The reality that President Biden will not be impeached and removed does not mean Democrats will not mount a defense of him — he is, after all, their candidate in the next election. One of the issues they will be raising (it’s already come up in Republican questioning of constitutional-law professor Jonathan Turley, one of today’s witnesses) is when conduct that Republicans portray as impeachable occurred.
It is an issue because the influence-peddling scheme that is the crux of the impeachment inquiry, as Republicans have designed it, took place prior to 2019. There is a legal theory that impeachment is meant as a check on presidential abuses of power, and therefore that “high crimes and misdemeanors” are impeachable only if committed while the president in question is in power.
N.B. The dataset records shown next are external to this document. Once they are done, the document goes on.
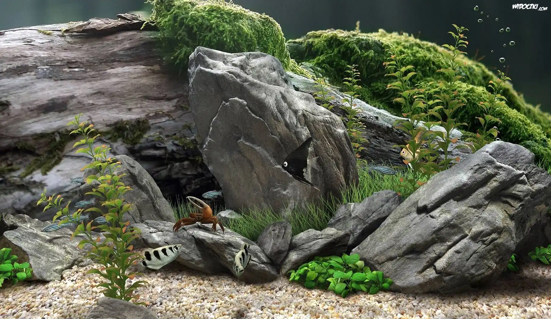 Zdjęcia, Akwarium, Kamienie, Rybki, Krab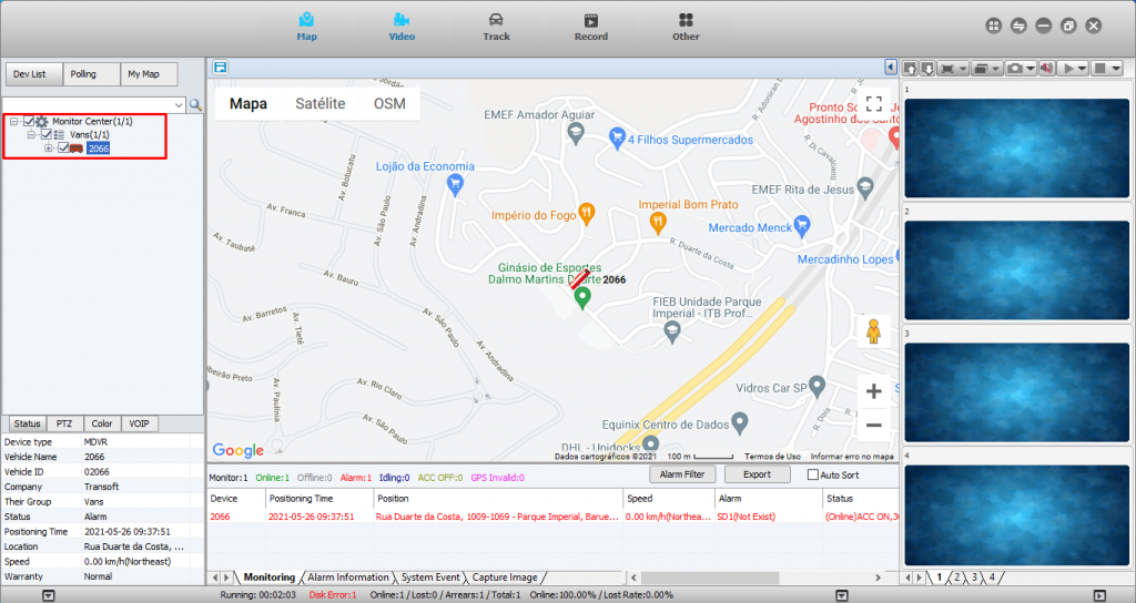 Ao abrir o IVMS você irá identificar seu veículo abaixo do ícone Monitor Center.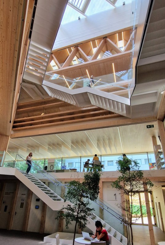 Mass-timber is more flexible than reinforced concrete, so it is perhaps not the ideal material for a building with large glass openings and a mighty cantilever full of heavy books. Bibliotèca Gabriel García Márquez reveals, then, a fundamental mismatch between its beautiful architectural form and its sustainable structural material.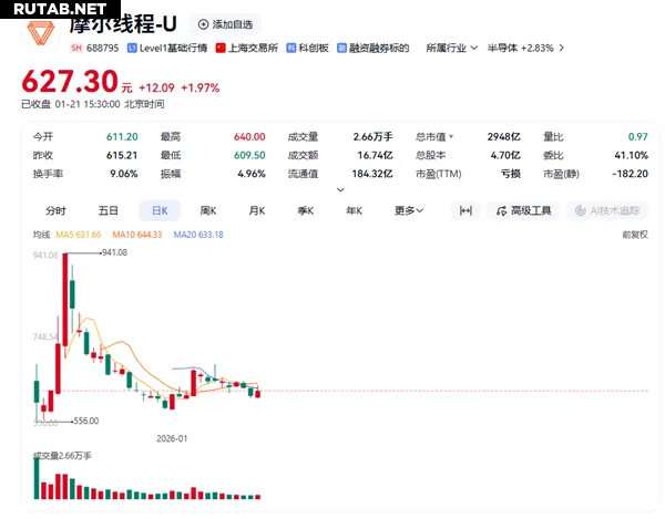 Moore Threads была основана в Пекине в июне 2020 года. Компания вышла на биржу научно-технических инноваций 5 декабря 2025 года по цене размещения 114,28 юаня. Цена открытия составила 650 юаней, а максимальная стоимость акций достигла 941,08 юаня за акцию. По состоянию на закрытие торгов 21 января цена акции составила 627,3 юаня, что примерно на треть ниже пикового значения.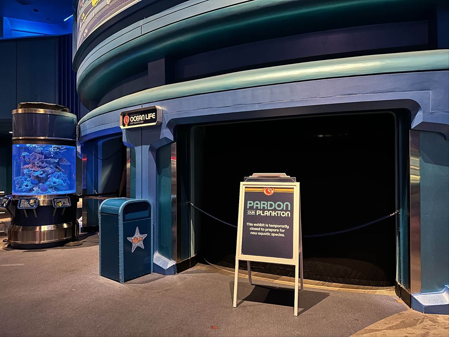 Elsewhere, signage has been changing throughout as part of ongoing improvements to the pavilion. Gone are most of the Mr. Ray and Nemo references not directly tied to the attraction itself. Instead, it looks like the retro-futuristic fonts that have been popping up around EPCOT are also being incorporated into The Seas.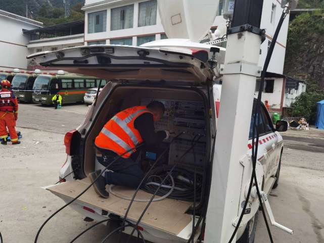 因道路受阻,联通卫星通信基站车在距离磨西镇不到2公里的外围紧急开通4G基站,保障现场抢险队伍通信。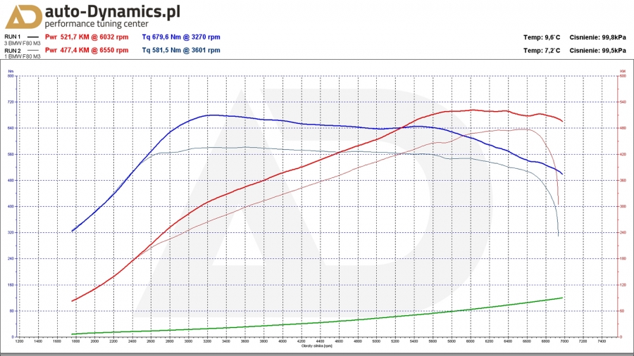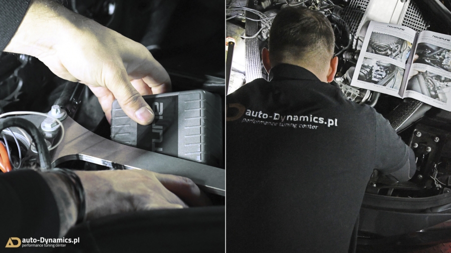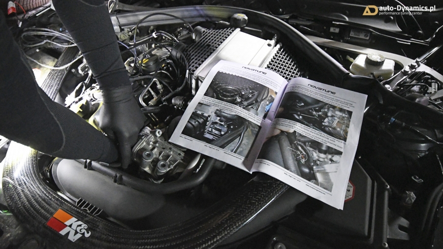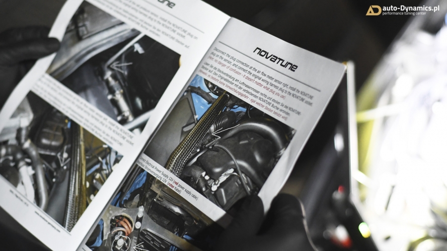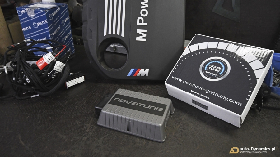 W BMW z racji obowiązującej gwarancji, zainstalowany został profesjonalny, w pełni cyfrowy, dedykowany, zewnętrzny komputer ECU wraz z specjalną, rozbudowaną wiązką elektroniczną komunikującą się z sensorami magistrali CAN. Kontroler od renomowanego, niemieckiego producenta - firmy Novatune. ECU zapewnia osiągi i bezpieczeństwo identyczne do typowego chiptuningu przez OBD. Moduł korzysta z map z dynamiczną adaptacją - monitoruje wiele wartości w czasie rzeczywistym i elastycznie dobiera wskazania. Właściwości fabryczne podane przez BMW to: 450KM i 550Nm [Wyniki pomiaru seryjnych wartości to 477KM i 581Nm]. Efekty naszego zabiegu zmierzone na hamowni to 521KM i 679Nm [Przyrost +44KM i +98Nm (+71KM i +129Nm w stosunku do wartości katalogowych)]. Wzrost parametrów na tym poziomie zapewnia absolutną bezawaryjność jednostki napędowej w połączeniu z rewelacyjnymi osiągami pozwalającymi na bezpieczne wyprzedzanie w każdych okolicznościach i warunkach drogowych. Różnica przyspieszenia w przedziale 100-200km/h jest kolosalna. Odczucia z jazdy są teraz naprawdę niesamowite, a elastyczność zdumiewa na każdym biegu!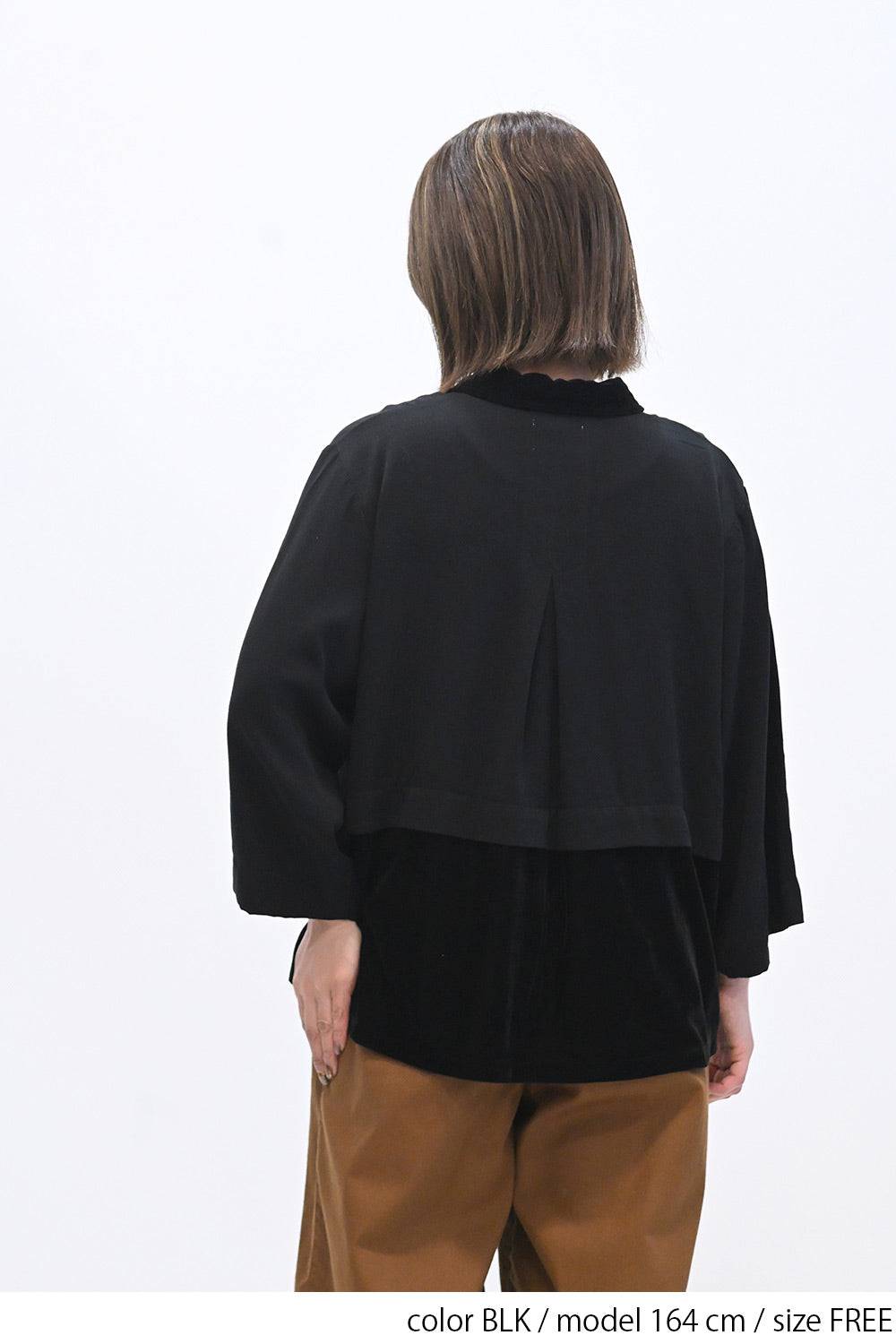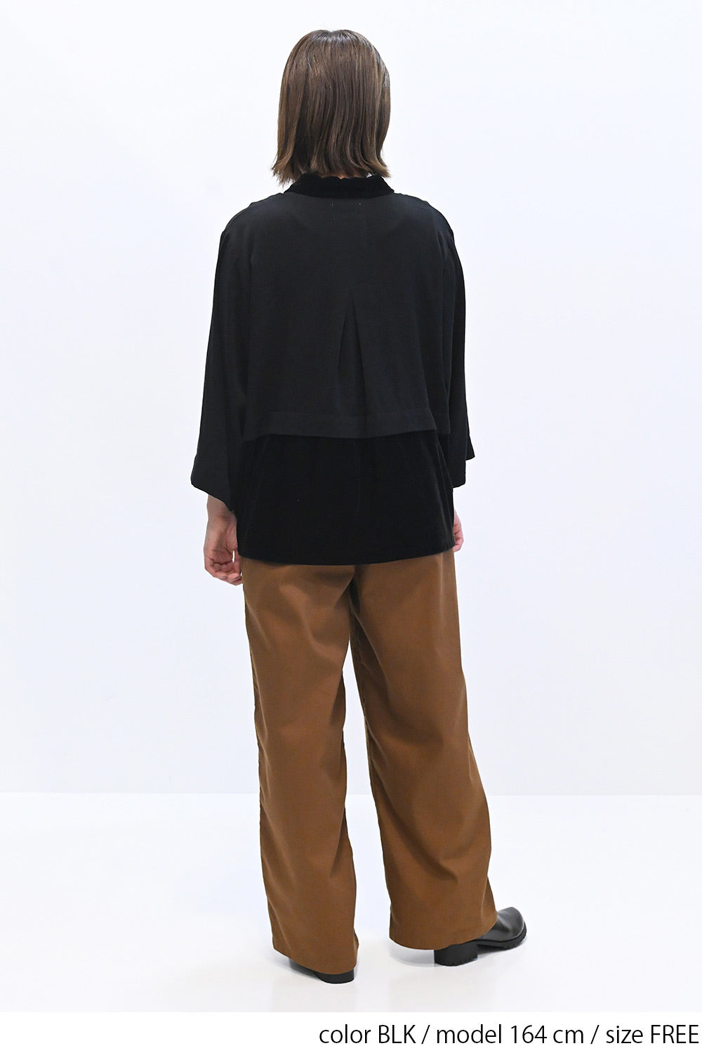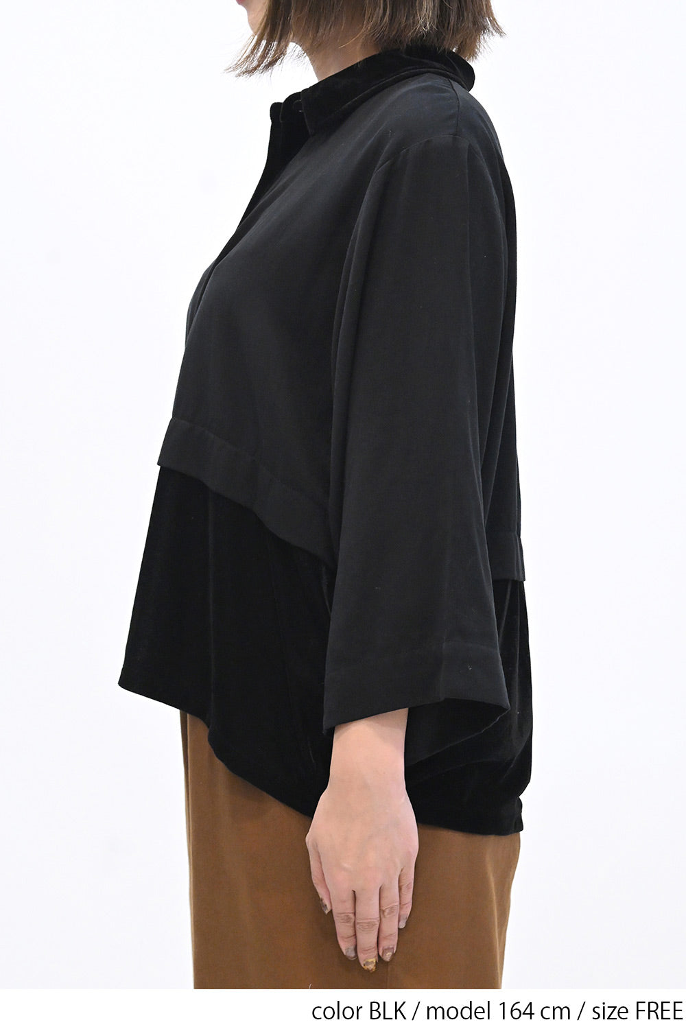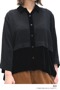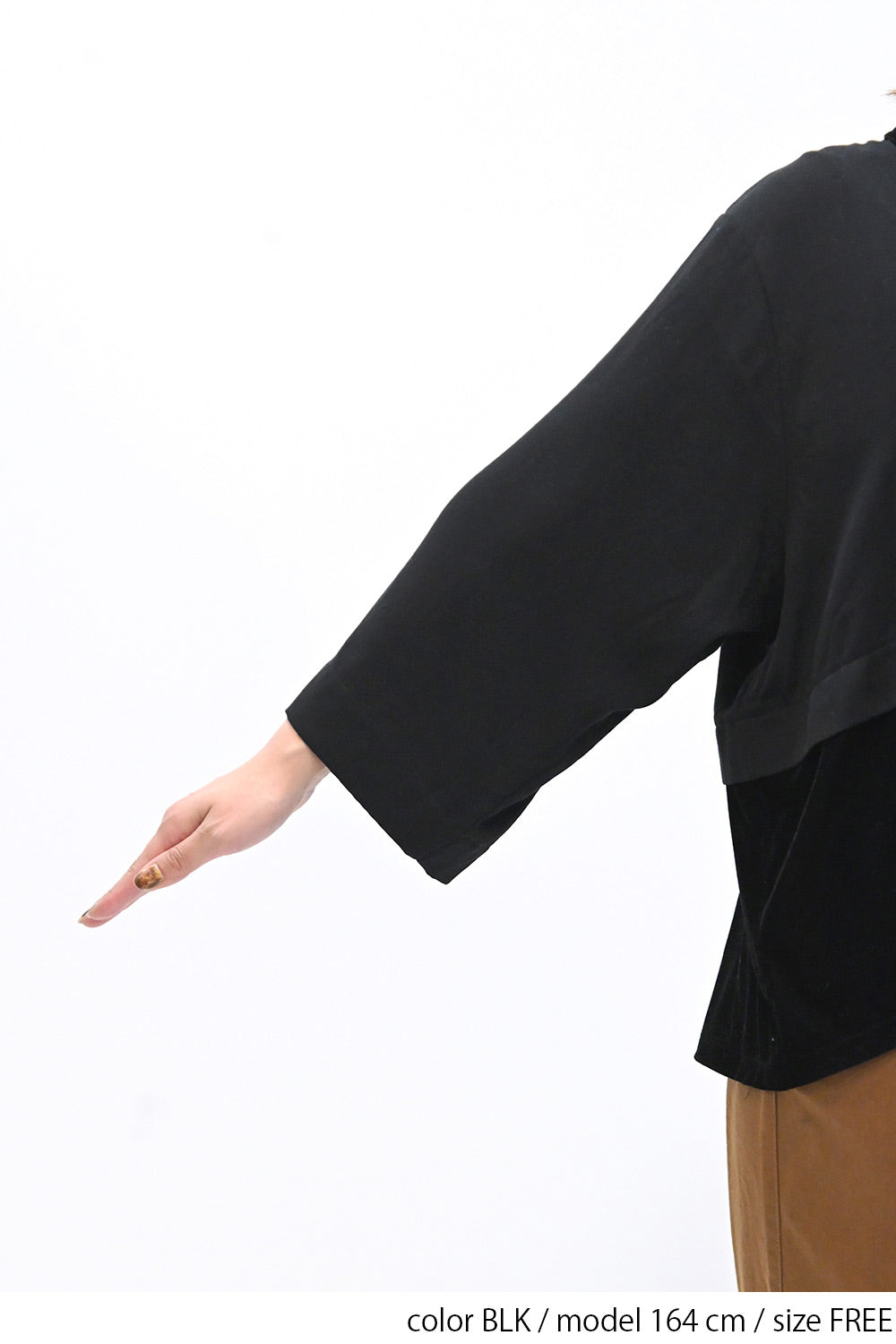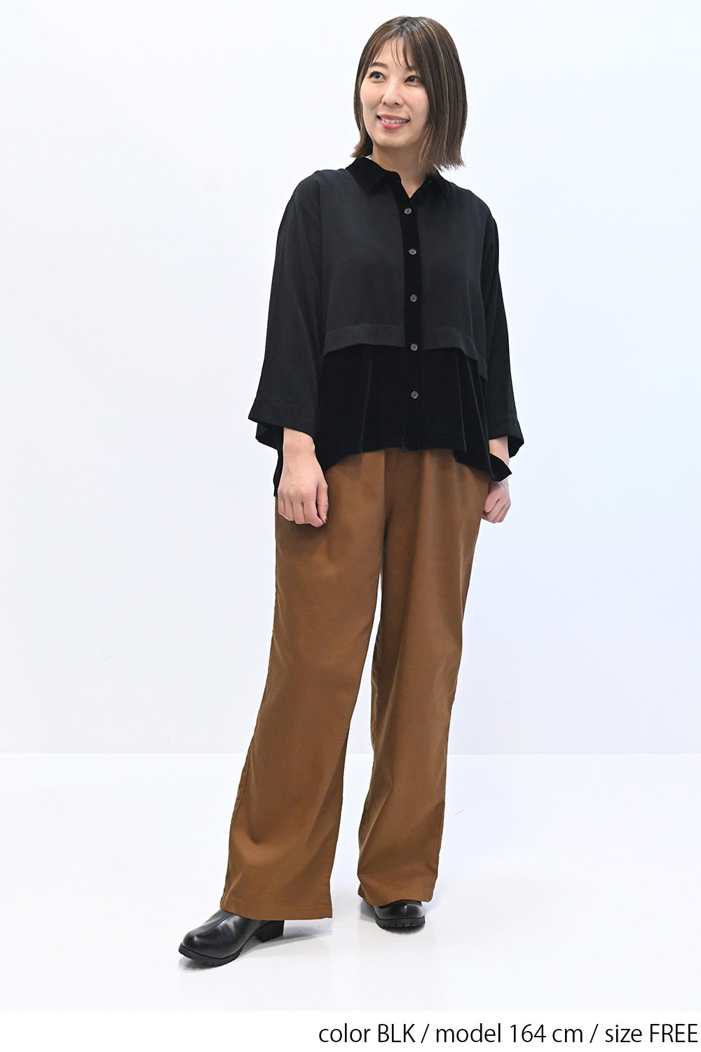 カットベロアを切り替えた、秋らしい雰囲気漂うワイドブラウスです。

I say this is a “theory” rather than a rule because I am an adherent to the wisdom of Gerald Ford, who during his time as House minority leader observed that an impeachable offense is whatever a majority of the House of Representatives decides it is. Impeachment is a political process, not a legal proceeding. The Constitution commits the question whether to impeach to the House and leaves it to the House to determine what conduct is sufficiently egregious. The courts would not review that political question. Instead, the constitutional check on an abusive House impeachment over trifling misconduct is the two-thirds’ supermajority requirement for Senate conviction (which not only prevents removal over nonsense but should, when the House is working properly, discourage frivolous impeachments in the first place).
But even if we assume, for argument’s sake, that “high crimes and misdemeanors” refers to misconduct in office, the Democrats’ contention has two flaws.
First, Joe Biden was in office during much of the scheme. Indeed, the Biden family’s cashing in while he was vice president is the most alarming evidence the Republicans have thus far collected; and the specter that foreign powers continued to be interested in lining his family’s pockets while Biden prepared a 2020 run for the presidency is patently significant.
Now, the comeback to that is that Biden was vice president — any abuses were not committed during his presidency. That argument would have more force if you believe that a person must be in office at the time of the congressional impeachment process. I don’t believe that — there is nothing in the Constitution imposing such a limit; American impeachment is modeled on the British impeachment of Warren Hastings, who was no longer in power when he was impeached over his actions as the empire’s governor in India. Moreover, President Trump was subjected to a Senate impeachment trial after he was already out of office (the House impeached him just before his term ended). Biden could thus still be impeached for high crimes and misdemeanors committed while he was vice president.
More to the point, the commission of high crimes and misdemeanors is not the only basis for impeachment. The impeachment clause (Article II, section 4) also provides for impeachment in cases of treason and bribery. It would be absurd to suggest that treason would have to be committed during the presidency to be impeachment-eligible. As for bribery, one major impetus in the Framers’ decision to include the impeachment power was fear that the awesome powers of the presidency could be put in the service of a foreign power. Clearly, if a person was bribed by agents of a foreign power prior to becoming president, that person would still be owned and subject to blackmailing by the foreign power during his presidency — exactly the danger that animated the Framers.
Bribery suspicions are the core of the Biden impeachment inquiry. That doesn’t mean there will be articles of impeachment, or even that there necessarily should be articles of impeachment (under circumstances where there is no prospect of conviction in the Senate, it would be a great deal of effort and putting aside of important government business toward no good end). But I do not believe there would be a meritorious temporal objection to impeachment articles.